Bliss : Vous pensez donc agir dans ce sens là ?

Philippe Sauze : Nous allons agir dans deux directions. La qualité des jeux, et le marketing. Jusqu’à présent nous avions un savoir faire marketing. On savait prendre le temps, etc, mais on n’agissait pas assez sur la qualité. John (Riccitiello, ndr) a dit, et il a raison, il faut d’abord penser à la qualité produit. Au prix où sont les jeux aujourd’hui, on ne peut plus présenter au consommateur des produits au contenu moyen. C’est pour ça que plus de 14 de nos jeux ont dépassé les 85 % sur Metacritic (agrégateur de critiques notées des jeux, films, musiques…) l’année dernière. Metacritic est devenu un véritable vecteur pour nous. Mais ça ne suffit pas. Derrière, il faut l’appui marketing.

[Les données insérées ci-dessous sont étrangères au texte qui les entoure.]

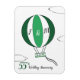 The design shows a green hot air balloon & includes space for the initials and anniversary date of the happy couple.
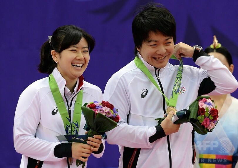 混合ダブルスでは岸川聖也(Seiya Kishikawa)/福原愛(Ai Fukuhara)組も銅メダルを獲得している。(c)AFP
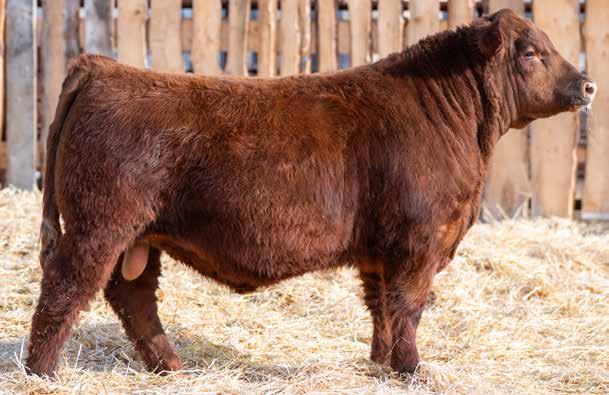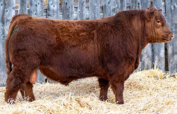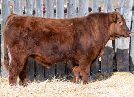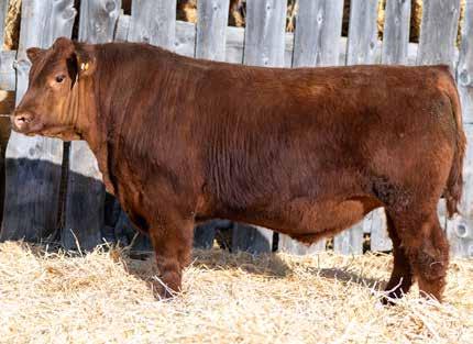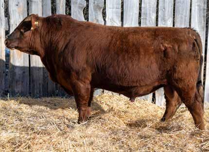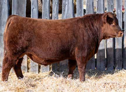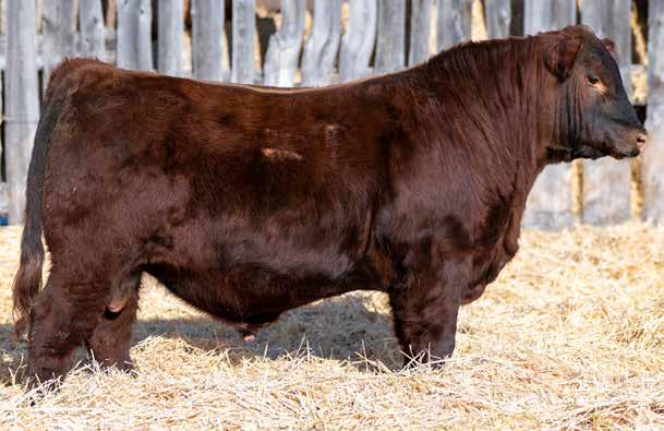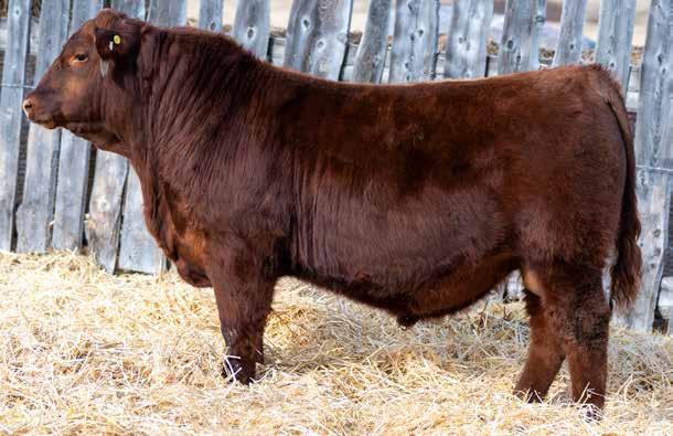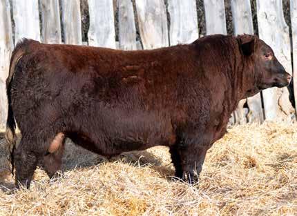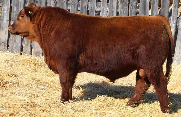 We used this bull on our commercial heifers last year. He has style and is a nice dark cherry red colour. He comes from a solid McLovin cow with longevity and a good disposition.
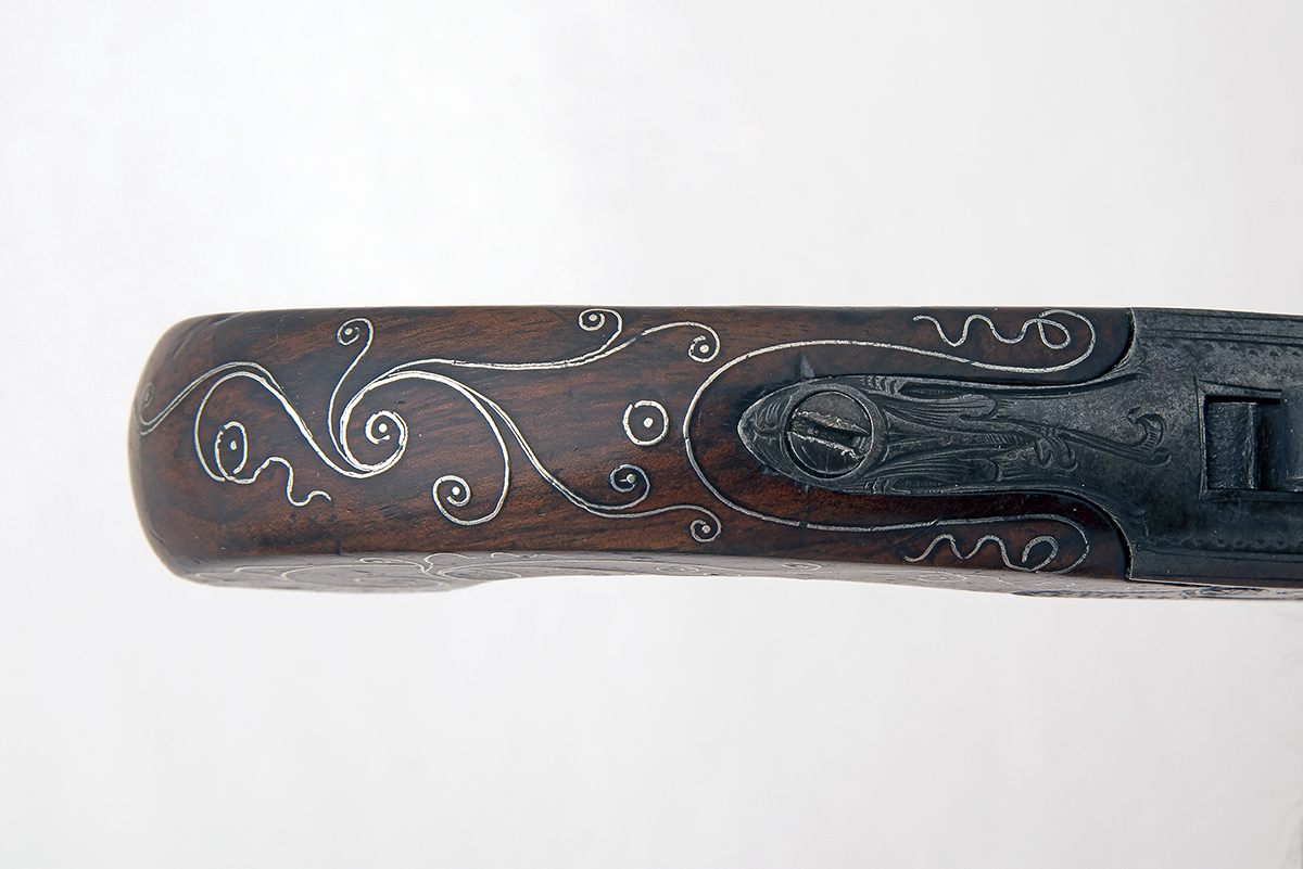 circa 1795, with tapering and banded turn-off 2 1/8in. iron barrel (frozen), London proofs and maker's mark to underside of breech, radiused border and feathered scroll engraved action signed 'TURVEY' to lower edge of right hand side, central swan-necked cock, slab-sided walnut butt with white-metal wire inlays and sliding trigger guard bow safe, 7 1/2in. overall, weight approximately 3/8lb.
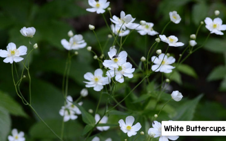 They have the same anatomy as the original buttercup flower but are white in color. The leaves are bright green and small in size.
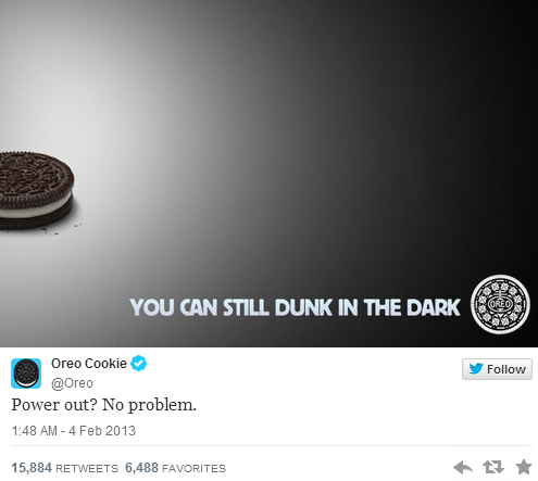 The famous example that everyone cites is Oreo’s “Dunking in the Dark” tweet. During the Superbowl XLVII in 2013, there was a power outage. Oreo took to Twitter and immediately tweeted this:
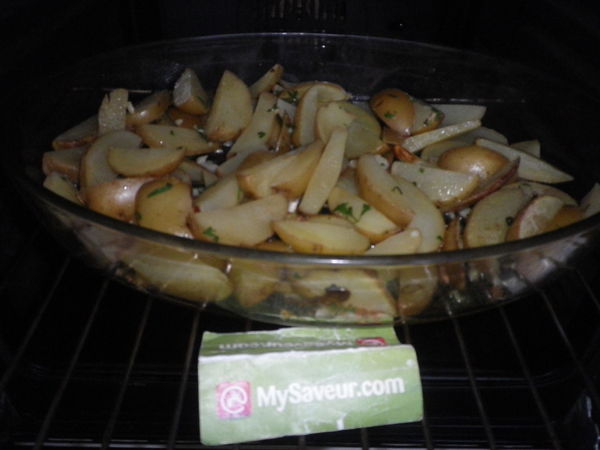 « Laisser cuire les pommes de terre jusqu’à la coloration que vous aimez. Chez nous on les fait très cuire car on aime qu’une croûte bien brune (voire un peu brûlée...) se forme au-dessus. Je fais aussi en sorte que certains côtés cuisent plus que d’autres pour avoir des parties très cuites et d’autres plus fondantes (c'est comme cela que faisait ma grand-mère).
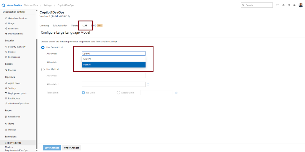 To be noted: If you are using Copilot4DevOps Lite, you won’t be able to configure your own LLM. You need to upgrade to either the Plus or the Ultimate plan.

Nous allons maintenir, voire augmenter le budget de développement des jeux et, comme nous aurons moins de titres à promouvoir, ils profiteront d’un marketing plus important.

Bliss : Le rachat de la société Playfish, spécialisée en jeux sociaux en ligne, au moment de la restructuration d’EA, par exemple, semble indiquer un redéploiement de ressources vers le développement de jeux dits casuals en ligne. Vous confirmez ?

Philippe Sauze : Non pas du tout. L’acquisition de Playfish répond à notre orientation prise dans le domaine on line. Les réseaux sociaux devenant tellement importants, voir le poids aujourd’hui de Facebook, il était nécessaire d’être présent dans le réseau social gaming. Mais ça n’a rien à voir avec le reste de notre production et nos produits package goods. Je crois qu’il ne faut pas tout mélanger.

Entretien Philippe Sauze 2e partie : « Les politiques n’ont jamais véritablement reconnu le jeu vidéo comme quelque chose d’important. »

Propos recueillis par François Bliss de la Boissière

(Publié le 3 février 2010 sur Electron Libre)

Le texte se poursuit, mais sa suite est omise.